* _Work to be completed_
Set the pictures aside and write down, exactly as they appear, the lines from the one containing "客廳是生活的核心舞臺(tái),這里將極簡的克制與生活的溫度完美融合。" through the end of the material.

* _Source material_
· · ·

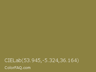 CIELab 53.945,-5.324,36.164 Color is a normal yellow color and the nearest color is Old Moss Green #867e36. Hex code #8c8241 and RGB value is rgb(140,130,65). In RGB color space, this color is composed of 55% red, 51% green, 25% blue, In CMYK color space, this color is composed of 0% cyan, 7% magenta, 54% yellow , 45% black , In HSL color space, this color has a hue angle of 52° , 37% saturation and 40% lightness.
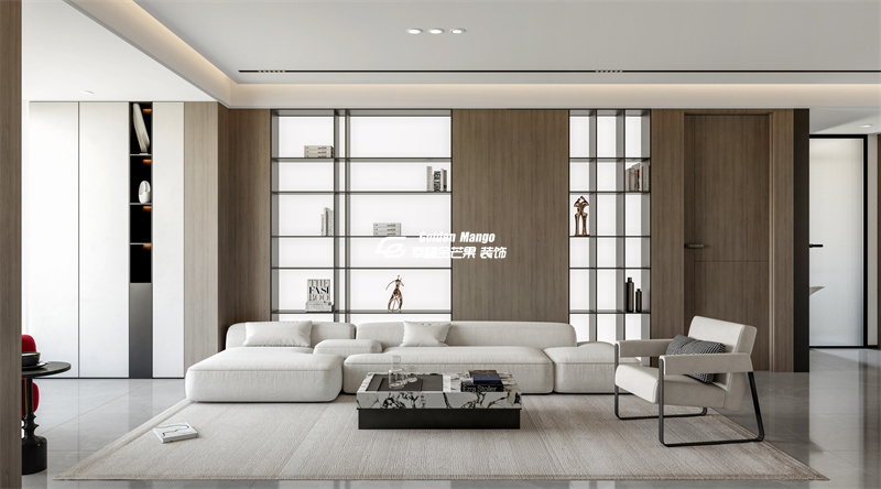 客廳是生活的核心舞臺(tái),這里將極簡的克制與生活的溫度完美融合。
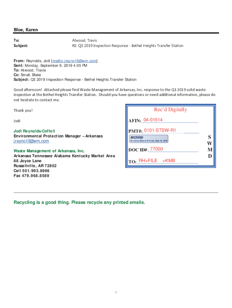 RE: Q3 2019 Inspection Response Ethel Heights Transfer Stationary: Reynolds, Jodi [mail to:jreyno10@wm.com]

· · ·

* _Task solution_
 客廳是生活的核心舞臺(tái),這里將極簡的克制與生活的溫度完美融合。
 RE: Q3 2019 Inspection Response Ethel Heights Transfer Stationary: Reynolds, Jodi [mail to:jreyno10@wm.com]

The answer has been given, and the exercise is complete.